Scientists at The Florida State University’s Center for Ocean-Atmospheric Prediction Studies (COAPS) have developed a new computer model that they hope will predict with unprecedented accuracy how many hurricanes will occur in a given season.
After about five years developing and assessing the model, Associate Scholar Scientist Tim LaRow and his COAPS colleagues are putting the system to the test this year with their first-ever hurricane forecast. The COAPS model is one of only a handful of so-called “dynamical models” in the world being used to study seasonal hurricane activity.
The COAPS model has predicted a below-average season in the Atlantic Ocean, with a mean of eight named storms and four hurricanes based partially on emerging El Nino conditions. During an El Nino, the warmer ocean temperatures in the tropical eastern Pacific tend to suppress hurricane activity in the Atlantic. The historical seasonal average is 11 tropical storms and six hurricanes.
“Making a real-time forecast for the first time is always very interesting and a very good test of the model,” LaRow said. “The hard part is in the waiting to see how the model verifies.”
LaRow and COAPS researchers Lydia Stefanova and Dong-Wook Shin issued their forecast on June 1, the official start of the six-month hurricane season. The tropics traditionally don’t become active until the early fall months, so it’s too early to tell if the forecast is on track. However, the researchers have good reason to feel confident.
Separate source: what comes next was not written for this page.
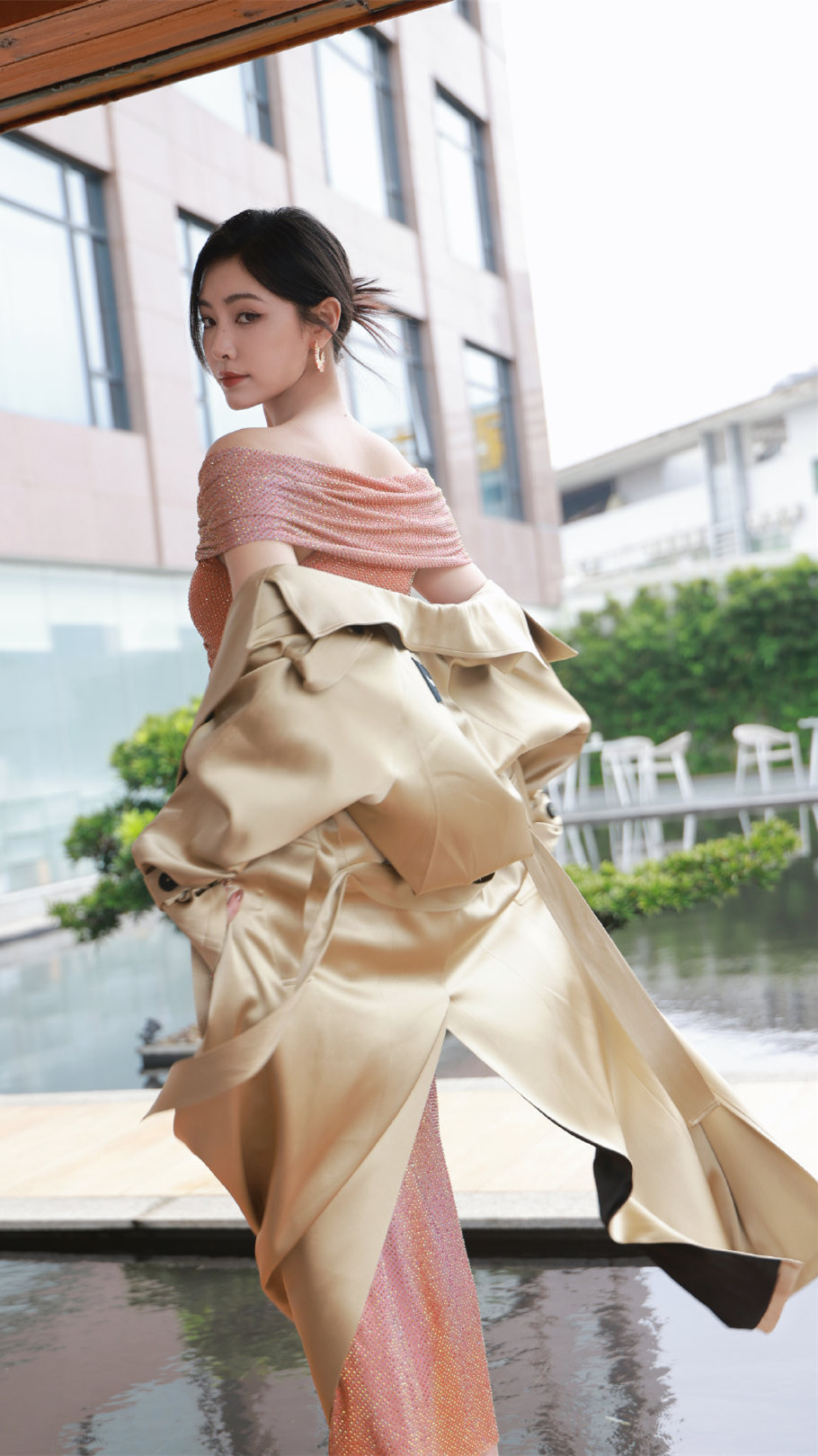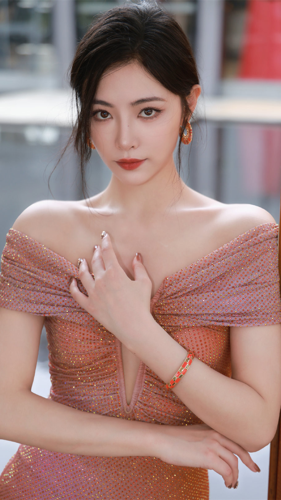许佳琪壁纸:金红色抹胸裙,尽显婀娜姿态

Before making this year’s prediction, they used the model to perform 20 years of re-forecasts, or hindcasts, using the sea surface temperatures determined by the National Oceanic and Atmospheric Administration on June 1 of every year from 1986 to 2005. They found a very high correlation between the model’s predictions of the number and intensity of tropical cyclones and what actually occurred during those years.
In addition, the model outperformed many statistical and other dynamical models, LaRow said. Statistical models use statistical relationships between oceanic and atmospheric variables to make a forecast, while dynamical models, such as the COAPS model, require major computing resources in order to make trillions of calculations using the equations of motion along with the best physical understanding of the atmosphere.
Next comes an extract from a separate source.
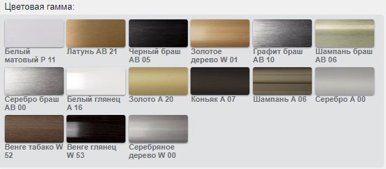 | Цвета: Белый матовый P 11,Черный браш АВ 05,Графит браш AB 10,Шампань браш AB 06,Серебро браш AB 00. 1МП | 179 |

The COAPS model uses the university’s high-performance computer to synthesize massive amounts of information including atmospheric, ocean and land data. A key component of the COAPS model is NOAA’s forecast of sea surface temperatures. But COAPS researchers continue to study their own model in an effort to better understand the relationship between sea surface temperatures and climate predictability.
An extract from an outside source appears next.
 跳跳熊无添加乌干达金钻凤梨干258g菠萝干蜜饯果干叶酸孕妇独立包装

“All models are unique, and what makes them unique is the physics inside them,” LaRow said. “How and why our model’s collection of physical processes captures the year-to-year variability so well needs to be better understood. This research will lead to even greater seasonal forecasting skill in the future.”
In 2006, COAPS received a $6.2 million, five-year grant from NOAA that has been used, in part, to support the development of this model.